I'm about halfway through the eyeballing the output. I'll post here, if I find any deviations that are worse. I think the above should have passed the @approximate_float test.

It appears that this error didn't occur on the last run, although a different test did fail: https://github.com/NVIDIA/spark-rapids/issues/10388.

Feb 07 '24 00:02 mythrocks

Ah, shoot. Here it is:

-Row(p=-1537828595, oby=26650, short_double_sum=32330.0, double_sum=inf, short_float_sum=32330.0, float_sum=7.066224196393988e+23, dec_sum=Decimal('32330.0'))
+Row(p=-1537828595, oby=26650, short_double_sum=32330.0, double_sum=1.7976931348623157e+308, short_float_sum=32330.0, float_sum=7.066224196393988e+23, dec_sum=Decimal('32330.0'))

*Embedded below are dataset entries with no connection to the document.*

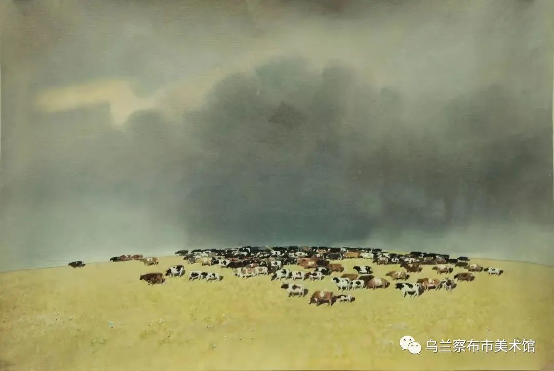 张忠《巴特尔的牛群》49.5cm × 73.6cm 水彩画
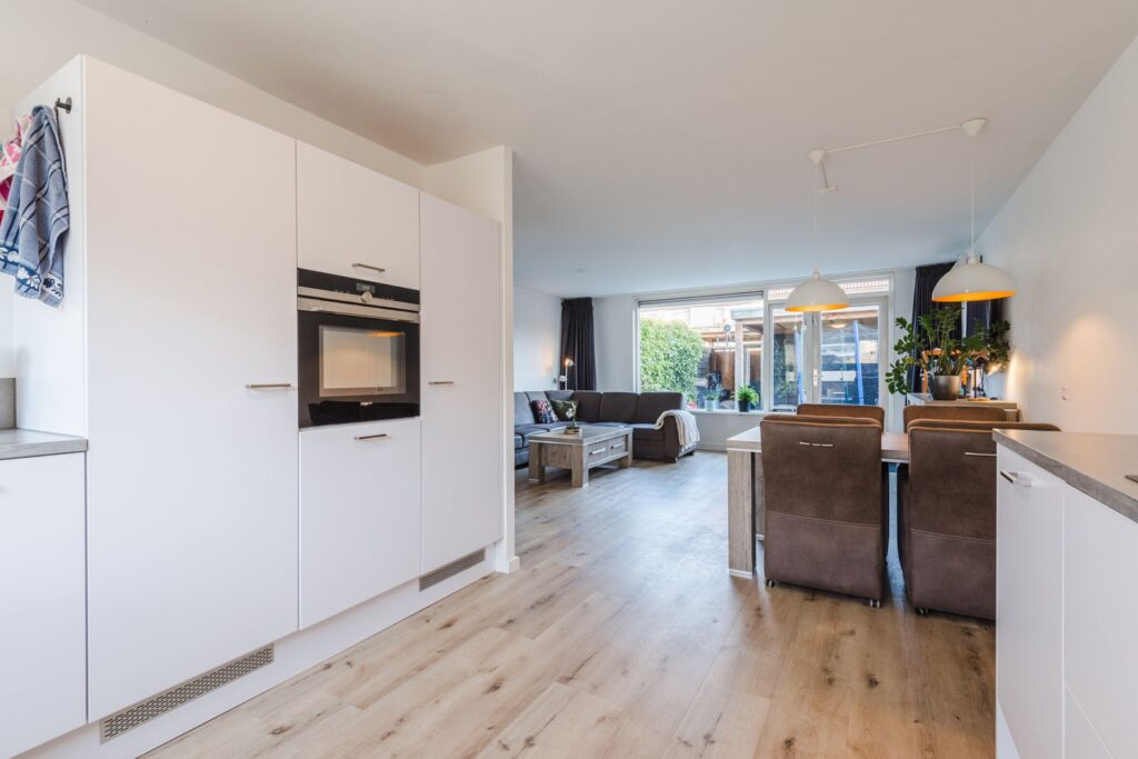 Op een prettige en rustige locatie staat deze goed onderhouden en verrassend ruime woning, klaar voor nieuwe bewoners. De woning combineert comfort, licht en functionaliteit en is met zorg bewoond, wat direct voelbaar is bij binnenkomst. De lichte woonkamer vormt het hart van het huis en biedt volop ruimte om te ontspannen of gezellig samen te zijn. De open keuken is praktisch ingedeeld en van alle gemakken voorzien. De open keuken is volledig op maat gemaakt en vormt een echte eyecatcher in de woning. Dankzij de doordachte indeling en maar liefst vier draaicarrousels wordt de beschikbare ruimte optimaal benut. Vanuit de leefruimte is er prettig contact met de tuin, waar je heerlijk kunt genieten van rust en privacy. Op de verdiepingen bevinden zich meerdere goed bemeten slaapkamers en een nette badkamer. De tuin is een echte blikvanger met een op maat gemaakte overkapping, ideaal om ook op koelere dagen of bij een zomerse regenbui heerlijk buiten te zitten. De zolderverdieping is voorzien van een ruime dubbele dakkapel, wat zorgt voor extra lichtinval, aanzienlijk meer leefruimte en veelzijdige gebruiksmogelijkheden.
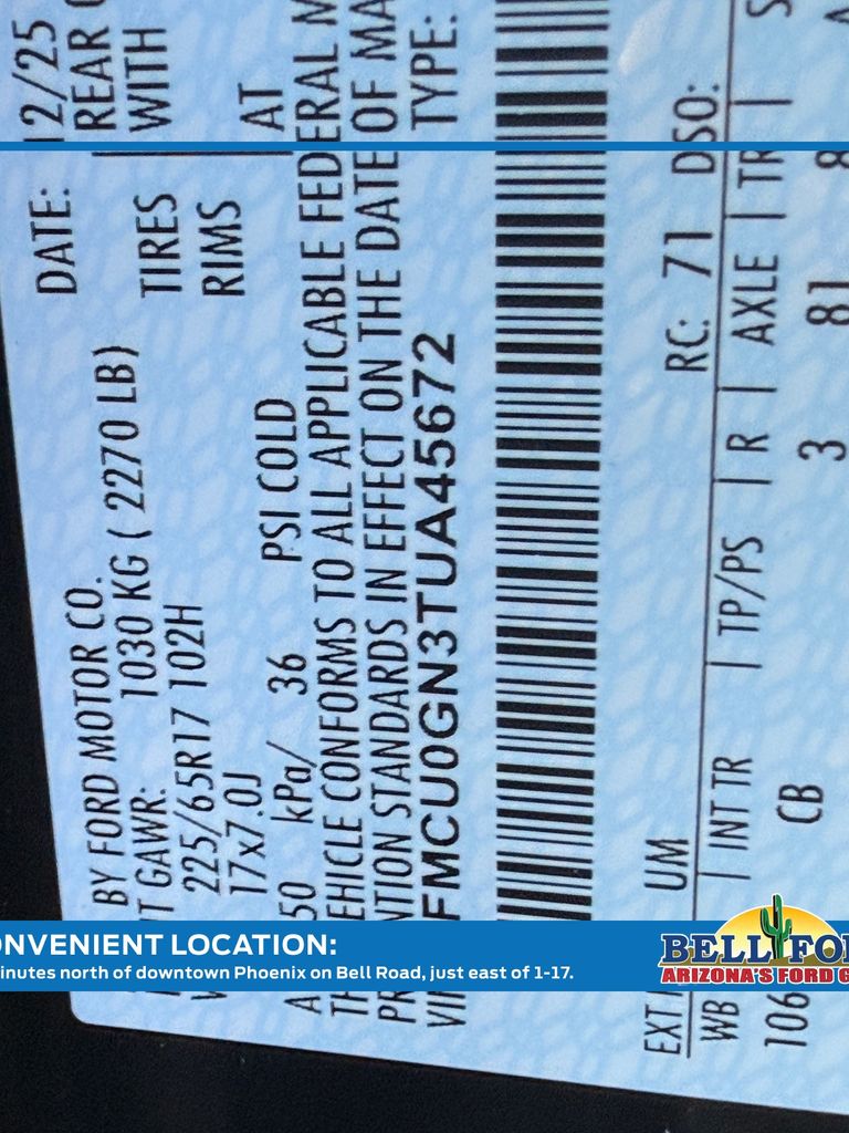 - VIN : 1FMCU0GN3TUA45672

Looks like the GPU result produces a very large number, not inf. I'll try to repro this.

Feb 07 '24 19:02 mythrocks

I should mention here that this test failed once a couple of weeks ago, and hasn't been reproducible since. :/

Feb 21 '24 19:02 mythrocks

Closing this as not reproducible. We'll reopen if this occurs again.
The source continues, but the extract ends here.